What's your compost telling you? 

  • Too wet? Add more browns (dead leaves, twigs, newspaper)
  • Too dry? Add some greens (grass, fruit) and sprinkle with water
  • Too smelly? Add dry material (newspaper, grass), turn your compost to air the soil and add a dash of lime juice
  • Breaking down too slowly? Turn your compost to expose it to air and add water
  • Maggots in your compost? You may have added meats, faeces and fats. Cover with lime juice or soil.
  • Pests in your compost? Your compost is too dry – remove any breads/grains, cover entry with wire, turn compost and add moisture.
  • Lasagne technique: Add a layer of newspaper, grass, leaves or straw when you add food scraps.
  • Feels warm? Your compost is breaking down correctly
  • Taking too long to break down? Turn your compost more regularly. It usually takes three to six months, but turning it will speed it up!

Can't compost but still want to help?

Visit Share Waste to find someone in Yarra who can accept and compost your food scraps, or add yourself as a host and compost for others to divert it from landfill. 

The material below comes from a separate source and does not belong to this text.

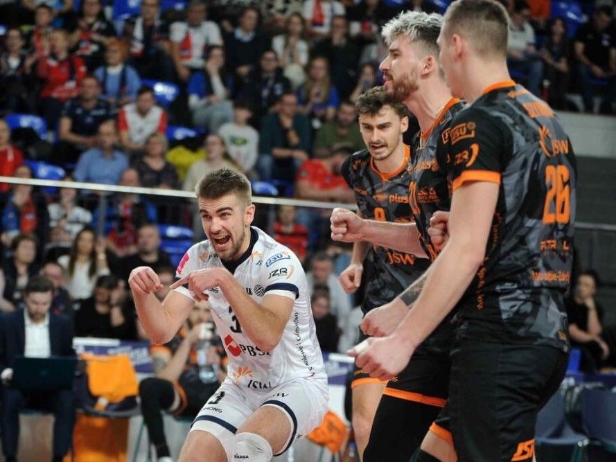 Jastrzębski Węgiel: Patry, Toniutti, Gladyr, Huber, Fornal, Szymura, Popiwczak (libero) oraz Sclater, Skruders

For more information about compost visit Food Know How and Sustainability Victoria's website

We're currently trialling a new food and green waste collection service in selected areas of Abbotsford. Trial participants are helping the environment by reducing the amount of waste going to landfill. Information gathered from our trial may be used to improve and expand the program in the future. To find out more and follow our progress, visit Food Know How

How to order a worm farm or compost bin

1. Order a worm farm or compost bin online. Click on 'Sustainability and recycling' then 'Order a compost bin/worm farm'.  Once your order has been approved you will be issued with an invoice. 

2. Pay for your worm farm or compost bin:

 3. Pick up your worm farm or compost bin. 

Bin collection 

You can collect from our depot, corner of Roseneath and Gray streets, Clifton Hill. Monday to Friday 8.30am to 2.30pm.

You will need to bring your receipt of payment.